These poems came to me, and I let them out. In a way, there is nothing of mine in them, apart from their humanity.
I wrote these poems using automatic writing, but with a difference: each time I used automatic writing before, I was deeply connected to my own conscious experience. Now, I’ve stepped away from the center, shifted my weight to a place where my name wasn’t present, and gathered everything I wanted to emerge in rhythm and words.
Perhaps one of the highest expressions of language is that which is not solely tied to its material and practical utility, but to the pure beauty of existing for its own sake.
Here I share with you some tips to do the same, in case you want to try this beautiful kind of poetry at home.
How to Let Poetry Speak Through You
A) Using your body helps: move, play, and find the rhythm in your own body. It helps you avoid linear, coherent, logical thinking.
B) Judgment makes the words disappear: let them surface without resistance.

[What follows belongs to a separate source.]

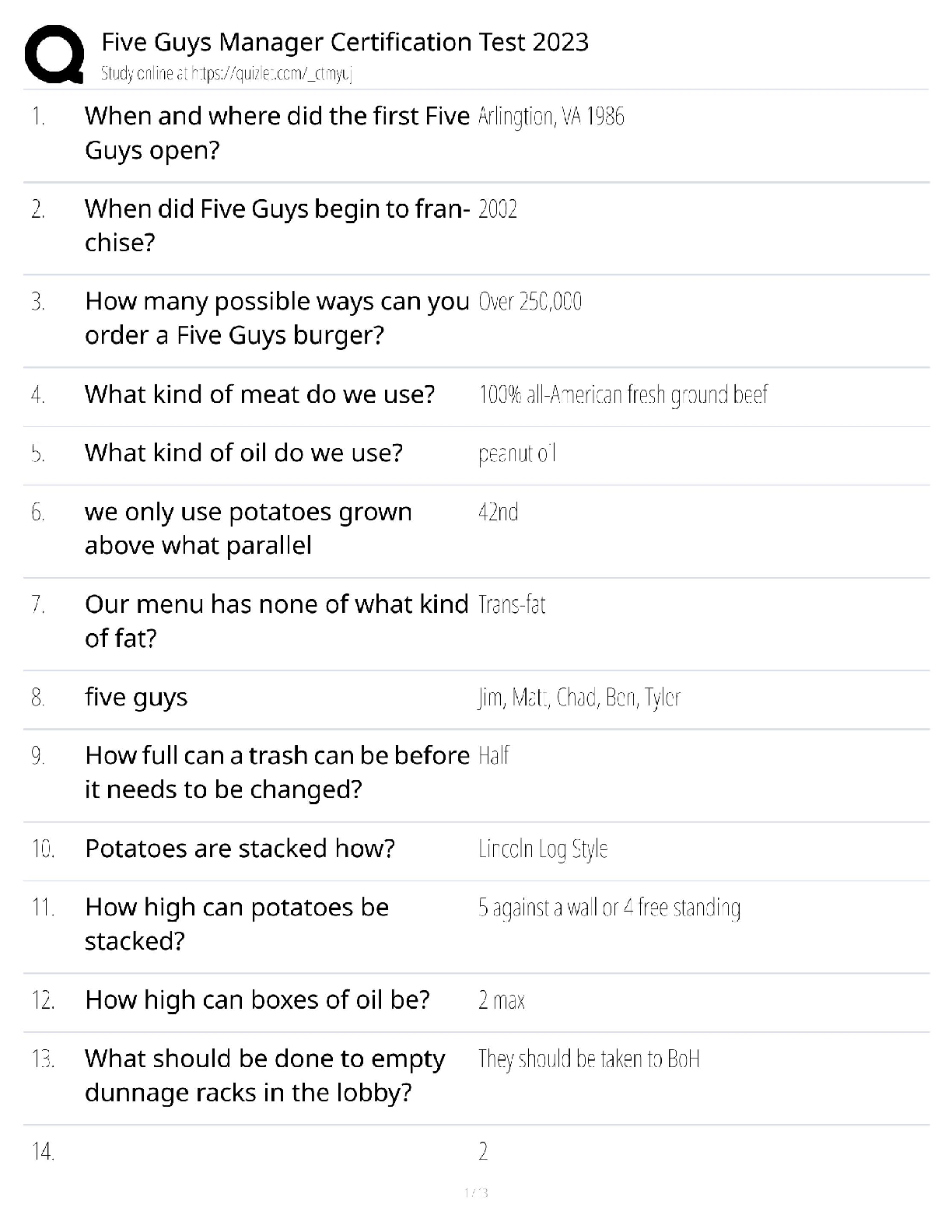 ServSafe Food Safety Training Program (SERVSAFE) > QUESTIONS & ANSWERS > Five Guys Manager Certification Test / Restaurant Management Exam / 2026 Update / Practice Questions & Answers (All)

C) Poems are meant to be read aloud, as they are also songs. Words already know where they belong, but it’s up to you to give them space.
D) Sometimes several words want to emerge or can fit in the same place: try them all without dismissing any. You’ll know which one the poem needs.
E) Words can rhyme in many ways—be creative with the sounds and don’t feel bound by rules.
F) It’s common for everything to come all at once, like a spring. Write it down quickly, even if you want to refine it later.
G) Have fun.
What Else?
I wrote this book in collaboration with ChatGPT, asking them what logical meaning they could gather from these surrealist poems.
Their interpretations surprised me, and I enjoyed challenging their logical mind to make sense of chaos according to the parameters of common sense.
Perhaps all our expressions have something to say, and I would dare to suggest that our greatest truth lies within the depths of absurdity.
I encourage you to do the same, whether as a form of creation or self-exploration… I’m sure the creative child within all of us is eager for an invitation to play.